Re:No concern for the foreign readers? (Score:3, Informative)
No one in the UK uses the long scale system really. For example, traditional UK billions are _never_ used in governmental budgets, and no one points out that the "American" billion is being used. A billion is just 1E9 here, like just about everywhere else.
I guess some older people may be confused (what's new ;)), but I'll wager a large proportion of the younger UK population don't even know what a traditional English billion is. I'm 30, and I've never used 1E12 as a billion, or even been taught it could be.
Dynamic pages pollute count (Score:5, Informative)
Google tries to detect a dynamic page by looking for ampersands and equal signs, as well as looking at the content of the page, it is really quite easy to fool.
e.g.: http://somesite.com/itemlist.php?listmode=1&category=beds&orderby=7 [somesite.com]

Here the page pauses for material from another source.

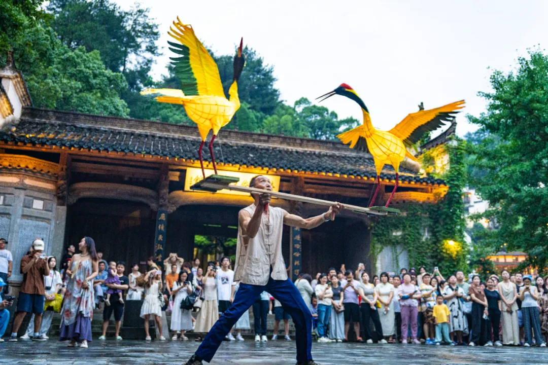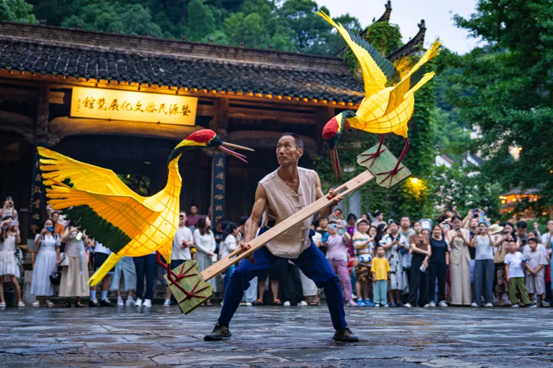 傍晚別錯過非遺舞仙鶴表演,老師傅動作靈活,帶動手中的仙鶴時而引頸長鳴,時而展翅高飛,將仙鶴的神韻帶到人間。鶴鳴陣陣,整個表演如夢如幻,觀眾不由得沉浸其中。

when 'rewritten' shows up as
http://somesite.com/items/1/beds/7.html
So 1 billion web pages could be, and I know a few thousand pages like this, just a few hundred thousand dynamic pages. Not that the pages don't have relevant information, some of the stuff can be redundant though. For instance, when the spider crawls across "Records per page = 10" > "Records per page = 20" > "Records per page = 30" etc.. or when lazy programmers don't use cookies and databases to store information but try and concatenate the URL with the user's selections. Thank god for that GET limit [boutell.com]. People need to use POST!
If someone knows how to stop this message board from creating links out of false URLs please, let me know.